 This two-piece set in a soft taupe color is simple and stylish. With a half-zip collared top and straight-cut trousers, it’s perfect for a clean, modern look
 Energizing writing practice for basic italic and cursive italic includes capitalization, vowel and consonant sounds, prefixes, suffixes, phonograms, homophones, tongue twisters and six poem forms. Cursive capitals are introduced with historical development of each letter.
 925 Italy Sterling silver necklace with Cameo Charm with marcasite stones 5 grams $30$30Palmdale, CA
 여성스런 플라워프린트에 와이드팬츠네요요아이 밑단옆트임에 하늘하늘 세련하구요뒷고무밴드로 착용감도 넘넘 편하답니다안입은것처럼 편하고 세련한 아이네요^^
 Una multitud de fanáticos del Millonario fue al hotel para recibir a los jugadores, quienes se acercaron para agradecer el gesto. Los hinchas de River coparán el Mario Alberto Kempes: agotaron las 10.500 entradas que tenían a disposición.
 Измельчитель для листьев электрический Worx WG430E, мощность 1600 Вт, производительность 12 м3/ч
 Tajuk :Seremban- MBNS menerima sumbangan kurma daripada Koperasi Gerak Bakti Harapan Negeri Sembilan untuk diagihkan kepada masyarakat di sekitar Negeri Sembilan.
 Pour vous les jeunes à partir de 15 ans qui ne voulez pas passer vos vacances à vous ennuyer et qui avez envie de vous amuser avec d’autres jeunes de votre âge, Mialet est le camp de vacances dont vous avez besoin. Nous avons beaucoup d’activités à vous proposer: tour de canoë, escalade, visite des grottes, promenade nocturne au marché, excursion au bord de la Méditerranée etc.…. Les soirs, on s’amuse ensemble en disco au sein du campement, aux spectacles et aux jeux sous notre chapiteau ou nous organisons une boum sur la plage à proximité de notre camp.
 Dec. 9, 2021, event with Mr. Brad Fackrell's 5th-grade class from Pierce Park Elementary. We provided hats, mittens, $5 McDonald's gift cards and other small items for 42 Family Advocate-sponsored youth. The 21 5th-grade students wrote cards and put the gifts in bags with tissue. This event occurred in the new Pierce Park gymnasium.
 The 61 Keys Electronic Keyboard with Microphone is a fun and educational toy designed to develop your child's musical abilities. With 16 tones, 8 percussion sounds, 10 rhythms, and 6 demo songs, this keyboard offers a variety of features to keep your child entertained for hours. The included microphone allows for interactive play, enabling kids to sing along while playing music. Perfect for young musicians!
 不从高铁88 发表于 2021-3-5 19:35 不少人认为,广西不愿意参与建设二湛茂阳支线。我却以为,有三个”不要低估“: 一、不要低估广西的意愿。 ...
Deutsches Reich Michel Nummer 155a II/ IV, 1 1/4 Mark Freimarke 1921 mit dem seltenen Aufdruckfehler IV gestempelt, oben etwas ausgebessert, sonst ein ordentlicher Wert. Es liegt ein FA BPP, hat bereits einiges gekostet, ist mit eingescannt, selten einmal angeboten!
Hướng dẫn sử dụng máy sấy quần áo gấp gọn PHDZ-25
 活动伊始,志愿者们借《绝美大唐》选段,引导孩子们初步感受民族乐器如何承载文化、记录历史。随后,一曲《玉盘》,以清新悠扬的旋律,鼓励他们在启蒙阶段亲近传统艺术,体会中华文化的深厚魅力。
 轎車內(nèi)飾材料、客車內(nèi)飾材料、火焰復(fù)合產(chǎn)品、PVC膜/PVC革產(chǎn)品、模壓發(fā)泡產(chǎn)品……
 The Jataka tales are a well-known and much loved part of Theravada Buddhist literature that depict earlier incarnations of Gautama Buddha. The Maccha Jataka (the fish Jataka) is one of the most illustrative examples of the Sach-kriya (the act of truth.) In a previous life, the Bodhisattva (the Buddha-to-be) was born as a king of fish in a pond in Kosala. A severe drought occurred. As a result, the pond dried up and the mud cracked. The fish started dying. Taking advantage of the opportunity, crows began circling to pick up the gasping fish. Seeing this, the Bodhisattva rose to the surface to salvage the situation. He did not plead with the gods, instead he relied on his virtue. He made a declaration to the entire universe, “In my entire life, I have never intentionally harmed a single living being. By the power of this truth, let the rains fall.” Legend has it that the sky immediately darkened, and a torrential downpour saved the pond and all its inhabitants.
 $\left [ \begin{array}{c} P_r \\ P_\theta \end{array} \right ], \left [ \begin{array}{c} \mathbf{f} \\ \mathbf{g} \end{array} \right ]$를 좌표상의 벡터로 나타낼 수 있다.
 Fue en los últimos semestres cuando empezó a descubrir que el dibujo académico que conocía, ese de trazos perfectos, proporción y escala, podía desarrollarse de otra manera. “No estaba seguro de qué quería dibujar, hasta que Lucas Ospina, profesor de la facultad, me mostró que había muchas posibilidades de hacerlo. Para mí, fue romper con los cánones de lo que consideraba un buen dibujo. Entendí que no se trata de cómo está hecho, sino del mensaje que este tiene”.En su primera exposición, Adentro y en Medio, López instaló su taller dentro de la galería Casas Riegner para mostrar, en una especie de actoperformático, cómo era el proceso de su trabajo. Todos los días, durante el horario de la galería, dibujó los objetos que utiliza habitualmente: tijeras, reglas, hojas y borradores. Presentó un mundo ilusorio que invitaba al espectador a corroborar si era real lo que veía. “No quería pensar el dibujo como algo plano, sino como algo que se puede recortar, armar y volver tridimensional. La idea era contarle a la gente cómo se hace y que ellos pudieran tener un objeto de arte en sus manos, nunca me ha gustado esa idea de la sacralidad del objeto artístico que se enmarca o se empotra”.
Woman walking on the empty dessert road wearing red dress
■ ■ ■ ■
Exercise instructions:
Select from the material above each line in which the string "occurred" appears, and list those lines.

Completed task:
 Dec. 9, 2021, event with Mr. Brad Fackrell's 5th-grade class from Pierce Park Elementary. We provided hats, mittens, $5 McDonald's gift cards and other small items for 42 Family Advocate-sponsored youth. The 21 5th-grade students wrote cards and put the gifts in bags with tissue. This event occurred in the new Pierce Park gymnasium.
 The Jataka tales are a well-known and much loved part of Theravada Buddhist literature that depict earlier incarnations of Gautama Buddha. The Maccha Jataka (the fish Jataka) is one of the most illustrative examples of the Sach-kriya (the act of truth.) In a previous life, the Bodhisattva (the Buddha-to-be) was born as a king of fish in a pond in Kosala. A severe drought occurred. As a result, the pond dried up and the mud cracked. The fish started dying. Taking advantage of the opportunity, crows began circling to pick up the gasping fish. Seeing this, the Bodhisattva rose to the surface to salvage the situation. He did not plead with the gods, instead he relied on his virtue. He made a declaration to the entire universe, “In my entire life, I have never intentionally harmed a single living being. By the power of this truth, let the rains fall.” Legend has it that the sky immediately darkened, and a torrential downpour saved the pond and all its inhabitants.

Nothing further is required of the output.